As I rode my bike between the two lines of young runners I gave a quick wave as to say thank you, then smiled and quipped, “thanks to all of you for coming out to cheer me on!” It was meant as a joke, except afterwards the most amazing thing happened, the whole crowd began to clap and cheer. Was their applause just as much of a joke as mine? Most likely. Or could it have been a sincere gesture in appreciation that a man my age would be out on an early-morning bike ride trying to keep himself in shape? Either way, joke or not, I could feel myself putting a little more pump into the pedals.

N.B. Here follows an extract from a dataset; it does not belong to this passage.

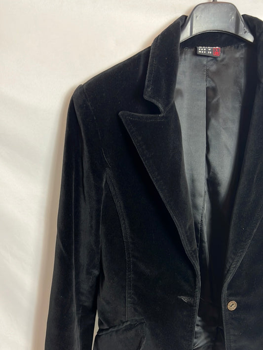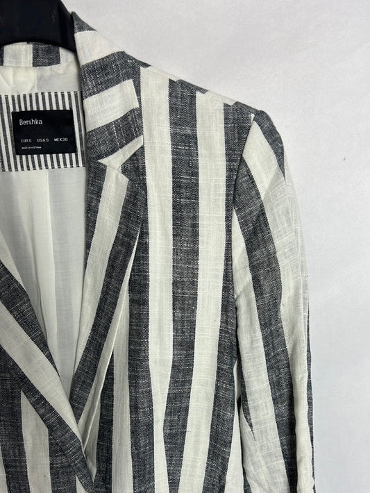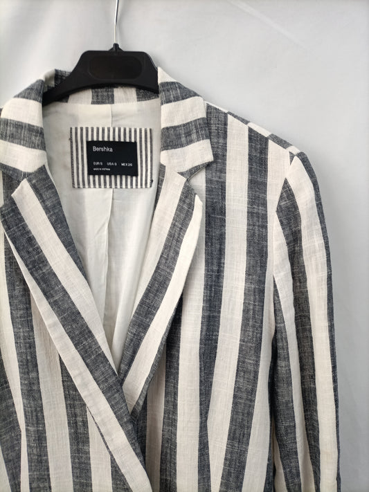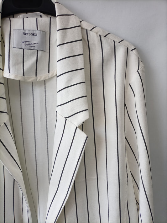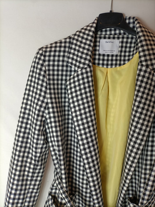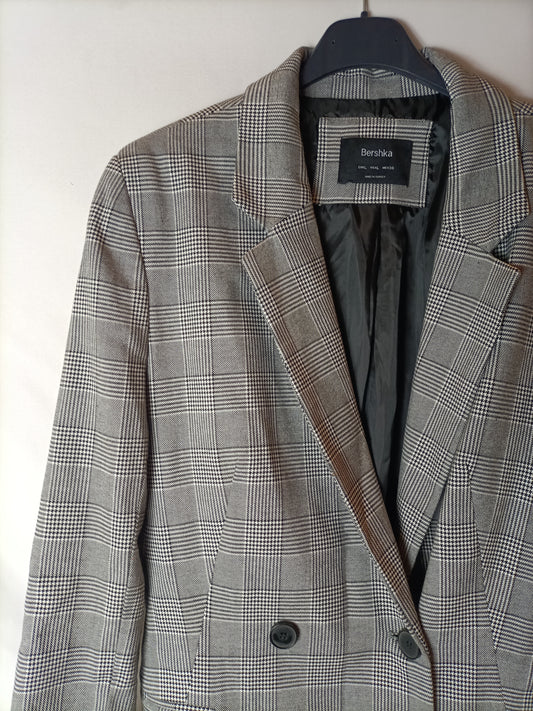 BERSHKA. Blazer larga cuadros botones dorados. T M

Encouragement is such a powerful motivator. Just imagine, if a half-joking impromptu encounter like I experienced on the bike trail can put a little extra spring in my step, what a difference more intentional encouragement can have. The story of Erin Gruwell is a good example, as told in the 2007 movie Freedom Writers. In 1994 Erin was a first-year English teacher at Woodrow Wilson High School in Long Beach, California, a racially mixed school plagued by gangs and violence. Yet, Erin was able to transform her classroom and the lives of the individual students by being as much encourager as teacher, first encouraging them to write down the tragic stories of their lives (all their stories were tragic) and subsequently sharing them with each other. Over time those diverse classmates, once bitter enemies, became intimate friends, most of them successfully completing high school, and many going on to college.
“Therefore encourage one another and build each other up.” It doesn’t take much, a kind word, a compliment . . . a cheer on the bike trail. The opportunities to encourage others are before us every day, and what a difference it can make. It can change a life.